» **To do**: Here is the task for the listing below: output exactly the lines from the one containing "Дозатор для моющего" through the one containing "Feriehuset er endvidere", and leave out the pictures.

» **Information**:

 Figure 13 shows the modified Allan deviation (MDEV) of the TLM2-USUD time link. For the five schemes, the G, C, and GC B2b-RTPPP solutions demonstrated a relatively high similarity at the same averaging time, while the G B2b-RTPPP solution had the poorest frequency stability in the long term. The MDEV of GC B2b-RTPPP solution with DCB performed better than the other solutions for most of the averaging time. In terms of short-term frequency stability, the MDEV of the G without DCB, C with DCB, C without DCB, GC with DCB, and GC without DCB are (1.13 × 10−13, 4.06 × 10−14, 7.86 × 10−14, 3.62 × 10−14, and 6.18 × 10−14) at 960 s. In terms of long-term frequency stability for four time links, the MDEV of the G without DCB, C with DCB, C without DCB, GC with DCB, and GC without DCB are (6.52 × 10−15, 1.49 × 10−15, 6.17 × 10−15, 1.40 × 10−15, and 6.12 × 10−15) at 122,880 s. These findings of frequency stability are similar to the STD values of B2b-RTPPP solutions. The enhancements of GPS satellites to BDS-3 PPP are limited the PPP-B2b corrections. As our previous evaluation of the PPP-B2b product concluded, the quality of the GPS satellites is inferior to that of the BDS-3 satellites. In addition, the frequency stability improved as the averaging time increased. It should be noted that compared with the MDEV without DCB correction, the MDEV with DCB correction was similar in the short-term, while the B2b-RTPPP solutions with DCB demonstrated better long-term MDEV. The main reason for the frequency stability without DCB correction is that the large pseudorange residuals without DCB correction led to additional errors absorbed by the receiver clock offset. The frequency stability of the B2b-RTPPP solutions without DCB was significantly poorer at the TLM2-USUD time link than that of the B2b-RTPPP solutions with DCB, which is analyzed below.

...

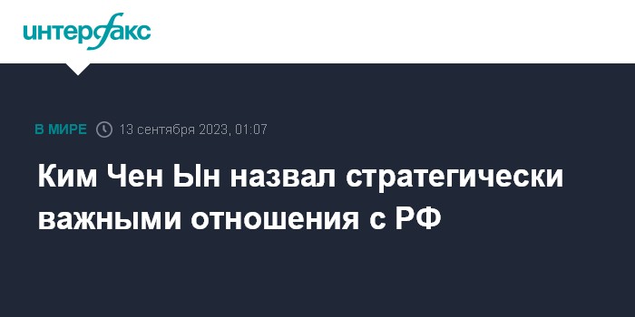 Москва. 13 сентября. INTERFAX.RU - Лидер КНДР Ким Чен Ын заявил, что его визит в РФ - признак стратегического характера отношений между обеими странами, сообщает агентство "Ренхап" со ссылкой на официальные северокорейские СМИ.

...

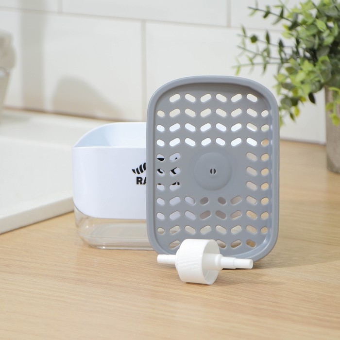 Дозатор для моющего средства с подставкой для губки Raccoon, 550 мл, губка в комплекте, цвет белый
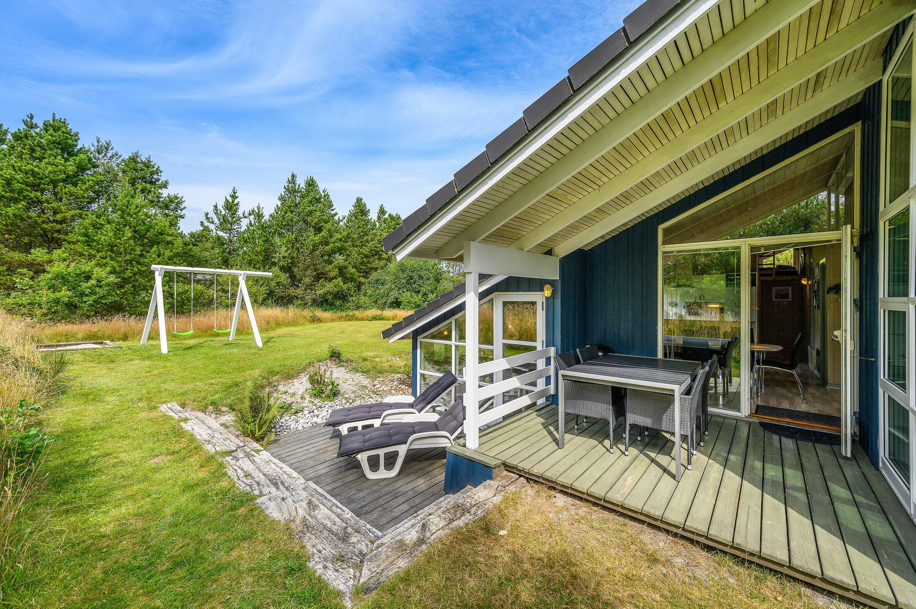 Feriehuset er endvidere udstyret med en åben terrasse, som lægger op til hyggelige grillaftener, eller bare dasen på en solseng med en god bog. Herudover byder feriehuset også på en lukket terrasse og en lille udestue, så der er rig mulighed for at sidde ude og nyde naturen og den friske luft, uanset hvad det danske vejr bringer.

» **Answer for this exercise**:
 Дозатор для моющего средства с подставкой для губки Raccoon, 550 мл, губка в комплекте, цвет белый
 Feriehuset er endvidere udstyret med en åben terrasse, som lægger op til hyggelige grillaftener, eller bare dasen på en solseng med en god bog. Herudover byder feriehuset også på en lukket terrasse og en lille udestue, så der er rig mulighed for at sidde ude og nyde naturen og den friske luft, uanset hvad det danske vejr bringer.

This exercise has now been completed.